Lead psychologist Park Dae-ryeong says that this atmosphere, along with a poor job market, has put overwhelming pressure on people to perform, while disincentivising collaboration, discouraging the pursuit of passions and exacerbating feelings of inadequacy, disappointment and anxiety. Many young South Koreans compare their lives to running on a hamster wheel, because in order to get the suitable partner, the good job, the nice home, it feels like they can never take a break.

It doesn’t help that South Korean society’s concept of success is so rigidly defined. Counsellors at Lee Ah Dang explain that because hikikomori live outside the mainstream, they have often been subjected to some form of ostracism or marginalisation. They may have been bullied for low academic achievement, criticised for their shy personality, or pushed to conform to convention – and then rejected for failing to do so.

In Kim Ho-seon’s case, being more interested in hair and makeup than maths and science meant he didn’t get along well in secondary school and ended up dropping out. “It didn’t feel right doing things I didn’t want to do,” the 25-year-old says. After struggling with judgment and stigmatisation, he ended up calling the police to ask for help with his psychological problems.

Similarly, Yoo Seung-gyu, 27, says his goals didn’t live up to South Korea’s standards. He dreamed of being a content creator, he says, but was belittled until he lost all confidence. Lee Seung-taek, 24, says that not having any lofty plans for the future made him a social outcast. All he wanted was to earn a decent living and lead a simple life. But that wasn’t ambitious enough for everyone else – except for his father. When Lee was 16, his dad became ill, and in 2016 he died. “I became evasive. I ran away,” he says. “I could only achieve so much without my father, so why should I even try?”
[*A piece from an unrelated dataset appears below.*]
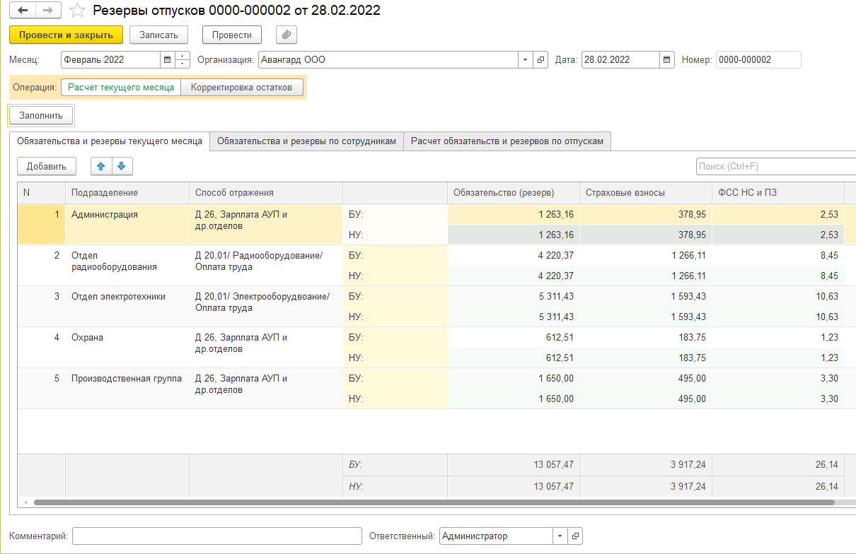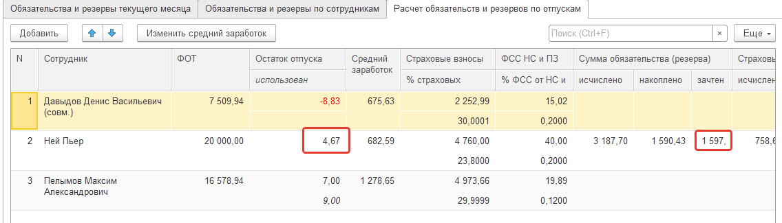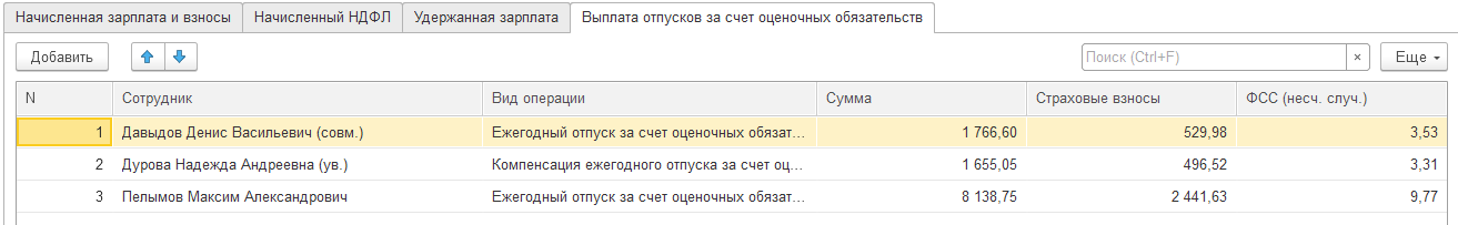 Здесь также сформированы отпуска за счет оценочных обязательств (только в бухучете).

For Kim Jae-ju, his retreat from public life came after the breakdown of a relationship. Before that, he was on the traditional road toward marriage and children and saw himself as a different person: outgoing, talkative, friendly. In retrospect, he now thinks it was all a show. Trying so earnestly to be the confident extrovert was just a way of covering up that, in truth, he was not. He began his withdrawal by turning down friends’ invitations to have dinner or drinks. That escalated to changing his phone number and not telling anyone but his family.

Finally, Kim says, he “crawled into his room” and entered seclusion. He gained 27 kilos and his skin became dotted with acne. His room deteriorated, too. Disposable noodle cups and empty bottles and cans collected in heaps. Ash and dust cloaked the furniture, and the once-white walls turned a dingy brown. Looking back on his confinement, Kim says he’s repulsed. “I started becoming complacent in there,” he says. “One day became two days, then three days, then a year. I started thinking, ‘Maybe this lifestyle is okay?’ And my new friends just became the computer inside my room.”